However, the reflection projections prepared by using the mask 10 have poor uniformity of reflected light over a wide viewing angle range. The reason is that the lack of uniformity of the exposure using the slit 丨 5 ′ means that the position of the exposure with the slit 15 and the smoothness of the exposure intensity curve is not sufficient ′ generate a plurality of zigzags. Therefore, the surface structure of the steps 21, 22, 23, or 24 formed in the manufacturing process using the prior art also has multiple twists and turns. Each of the arcuate protrusions 21 ', 22', 23 ', and 24 formed by the step 2 1, 2, 2, 3, 2 4 structure after being heated and reflowed, the arc surface of the structure is correspondingly insufficient in smoothness, causing light reflection. Insufficient uniformity. In addition, the reflection protrusions produced by this process need to form a plurality of arc-shaped protrusions 21 ', 22', 23 ', 24' structure, and use the plurality of arc-shaped protrusions 21, 2, 2, 2 3, 2 4 'structure to form A reflective projection with an inclined angle a achieves the purpose of ft to emit the main incident light at about 0. Correspondingly, in the process, a plurality of slits 15 must be used to separate the light shielding strips of different widths of the photomask 10 to achieve the effect of underexposure to obtain the plurality of curved protrusions 21, 22, 23 ', 24. 'Structure, so its process is more complicated, the resulting reflective bumps

Page 9 200537175 —.1 1 V. Explanation of Invention (4) The structure is also complicated. In addition, the prior art uses a design in which a linear slit 15 is formed on the photomask. The reflective projections made by the mask can only obtain the reflection performance of a certain viewing angle in the direction corresponding to the arrangement of the slits 15, and it is difficult to make multiple reflections. Wide projections with wide viewing angles that evenly reflect light. Μ ^ Although in the patent application, the applicant also proposed to design a zigzag structure on the edge of the light-shielding strip, however, the zigzag structure needs to be matched with a slit 10 with a light-shielding strip 10 with 5 light-shielding strips in order to make the plurality. Reflective protrusions with a certain inclination angle formed by the arcuate protrusions 21, 22, 23, 24 '; and,

I haven't explained the function of the sawtooth structure and the effect of the reflective bumps made with the structure.
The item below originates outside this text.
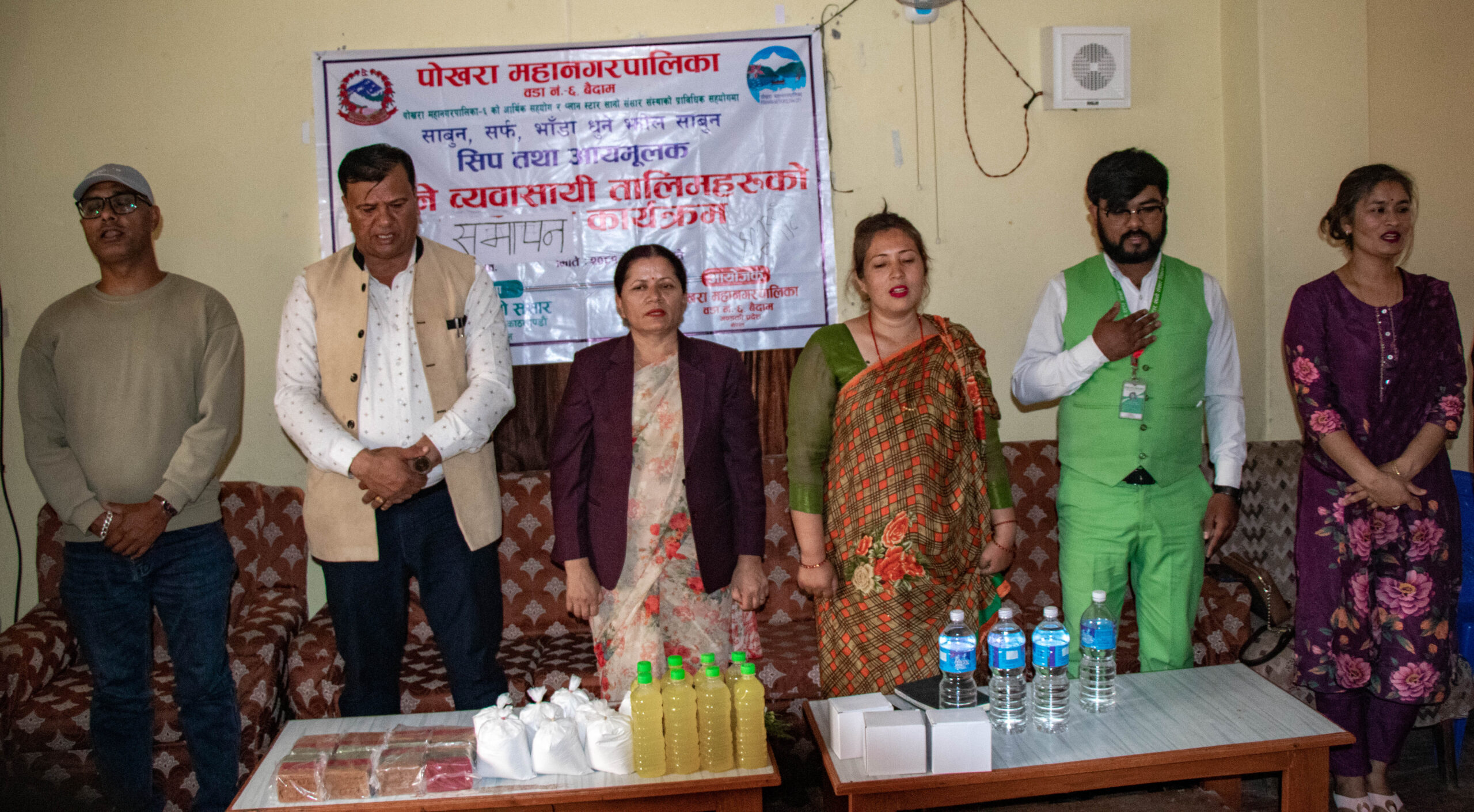 पोखरा महानगरपालिका वडा नं.-६ द्वारा आयोजित विपन्न महिलाहरूलाई आत्म निर्भर बनाउने उद्देश्यका साथ सञ्चालन गरिएको सीप तथा आयमूलक ५ दिने भाँडा धुने झोल साबुन, सरफ तथा साबुन बनाउने तालिम सम्पन्न गरेको छ ।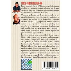 Pense como um Super-GM é uma parceria única que combina os conhecimentos de xadrez de um Grande Mestre de elite com uma investigação científica sobre o pensamento no tabuleiro de xadrez. Quarenta quebra-cabeças foram apresentados a um painel de jogadores, composto por simples jogadores ocasionais de clubes até o Super-GM e coautor Michael Adams. O pesquisador Philip Hurtado registrou não apenas os lances escolhidos, mas também os processos de pensamento detalhados de cada jogador, com o objetivo de esclarecer o mistério sobre o que exatamente define a força superior de pensamento no jogo de xadrez. Este livro oferece uma oportunidade única para os leitores não somente resolverem os quebra-cabeças, mas também compararem o seu pensamento com o de jogadores de clubes, amadores fortes, Mestres Internacionais, Grandes Mestres e do próprio Michael Adams. Com uma seção adicional de oito Quebra-cabeças Bônus e um fascinante experimento Eyetracker (rastreamento ocular) que mostra onde diferentes jogadores concentraram sua atenção no tabuleiro a gerar mapas de calor posicionais, este é um livro único para o aperfeiçoamento no jogo de xadrez.

In view of this, it is necessary to improve the manufacturing process for making optical masks with good optical properties and for manufacturing oblique reflection bumps. SUMMARY OF THE INVENTION An object of the present invention is to provide a photomask for making an oblique reflection projection with high optical effect. Another object of the present invention is to provide a manufacturing process capable of producing inclined reflective bumps with good optical formation. The invention provides a photomask for making oblique reflection projections, which comprises a plurality of patterns formed by connecting a light-transmitting portion and a light-shielding portion in parallel. One side of the block-like region has a plurality of protrusions in the mask plane direction. The present invention also provides a system for making oblique reflection projections, which includes providing a substrate; forming a photosensitive material layer on the substrate;

Page 10 200537175 V. Description of the invention (5) The photomask exposes the photosensitive material layer; develops 'forms the ridge prototypes corresponding to the pattern of the reticle; smoothes the ridge prototypes' to form an arc with an inclined angle Shaped reflective bumps. Because the mask used for making oblique reflection protrusions of the present invention has a plurality of protrusions in the plane direction of the mask, the plurality of protrusions can underexpose the area of the photosensitive material layer directly below it, and the position and exposure intensity of the plurality of protrusions are underexposed. The smoothness of the curve is high, and the smoothness of the arc surface of the reflective bump is better, so that the reflective or semi-transparent semi-reflective liquid using the reflective bump has a high degree of visibility, a wide viewing angle, and Uniform viewing angle. In addition, the shape of the mask pattern and the distribution of the plurality of protrusions can be designed according to the actual situation to achieve uniform reflection of light in all directions. The effect of the wide viewing angle of the liquid crystal display using the reflection protrusion can overcome the effect of the reflection protrusion produced by the prior technology. It is difficult to uniformly reflect light in a wide direction and a wide viewing angle. In addition, the shape, size, and pitch of the plurality of protrusions of the mask pattern can be arbitrarily changed to adjust the strongest reflected light to 0 degree or a specific angle 'to obtain a reflection effect according to the actual situation. [Embodiment] The eighth figure of the mask is a combination of three separate parts of the light-purchasing light used to make the oblique reflection projections of the present invention. The light :: pattern is composed of a light-transmitting part and a light-shielding case. 11 〇 is roughly a rectangular band. The two sides of the light-shielding portion 113 are in contact with the light-shielding side portion 1U. The side is #g is a rectangular block-shaped area 'which is transparent to light and has a plurality of rectangular protrusions in the plane direction.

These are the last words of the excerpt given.